В 1730 году Феофилакт был в Москве на коронации императрицы Анны. По удалении из Синода, в августе этого года, прибыл в Тверь и занялся сочинением против Буддея. Иоасаф ездил по поручению его в Ригу за покупкою библиотеки Ярмирковского.408 Но у опального Феофилакта сердце чуяло недоброе. В январе 1731 года Иоасаф был у Феофилакта. Архиепископ не мог скрыть от него своего беспокойства. «Спать не могу, во сне пугаюсь и на яву всегда боюсь». «Чего боитесь ваше преосвященство» – спросил Иоасаф. «Боюсь, чтоб кто заочно не обнес Императрице». Иоасаф старался успокоить его. Феофилакт отвечал: «знаю, что Императрица милостива; только женское сердце пуще мужескаго». – Весной 1731 года Феофилакт посылал Иоасафа в Москву хлопотать об издании книги против Буддея и просил его не сделаться перекидчиком. Иоасаф обещал, но потом предал своего архиерея. В разговоре с ним, Феофилакт указал еще на другую книгу своего сочинения, также против лютеран. «Преосвященный-де Феофан блаженной памяти Государю Петру I-му поднес с лютеранской стороны своих трудов некоторую книжицу. Граф И. А. Мусин-Пушкин прислал экземпляр этой книжицы ему, Феофилакту, и велел ему писать на нее: так вот он и написал».409
В 1731 году Феофилакт послал Решилова, за его противозаконные поступки, под начал к Иоасафу в Калязин монастырь; а Иоасаф, обманувшись в патриаршестве Феофилакта, представил Феофану копию с Феофилактовых тетрадей и, жалуясь на худое житье у Феофилакта, просил Феофана принять его в свою милость. Феофан помог ему перейти в Бизюков монастырь. Вслед за ним туда-ж ушел и Решилов, выпросившись у нового калязинского архимандрита будто на богомолье к преподобному Сергию.

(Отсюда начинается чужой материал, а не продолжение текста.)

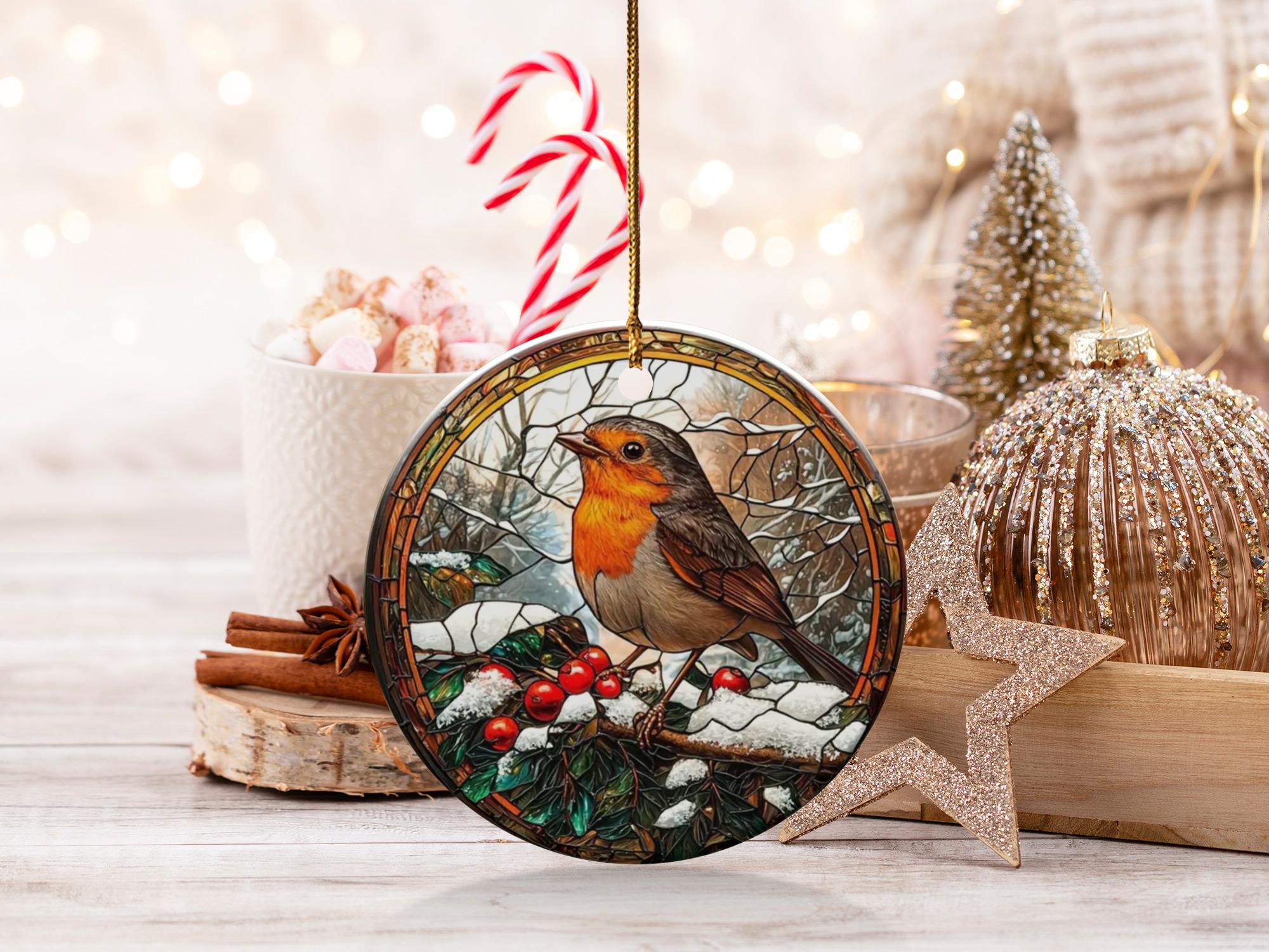 Robin Ornament, Winter Bird Ornament, Christmas Ornament, Stained G...

Старая приязнь и здесь сблизила их. В разговоре Решилов говорил Иоасафу, что когда он был в расколе, ему хотелось видеть архиерея; а по обращении своем желал видеть патриарха. Маевский отвечал на это: «если ты при жизни блаженной памяти Государя Петра II не видал патриарха: то уж не увидишь». После того Решилов спросил: «отчего не сбылось патриаршество Феофилакта»? На это Маевский отвечал: «быть бы ему давно патриархом, только скрипочки ему, да дудочки, помешали». И прибавил, что эти слова – об охоте Феофилакта до музыки – он слышал от князя Д. М. Голицына в бытность в Москве по делу архиепископа. Иоасаф защищал его пред Голициным; но набожный вельможа отвечал: «полно, полно, я знаю, каков ваш архиерей. Не так он живет как отец его, преосвященный Стефан митрополит».
Феофан, покровительствуя Иоасафу, сначала не подозревал его тактики. Но когда явился пасквиль и подозрительность Феофана перебирала и тех и других лиц, его мысль, видимо, не раз останавливалась на Иоасафе. Феофан догадывался, что у него с Феофилактом отношения были не совсем такие, какими представил их Иоасаф. Зачем же он бежит от Феофилакта и бежит в Бизюков монастырь?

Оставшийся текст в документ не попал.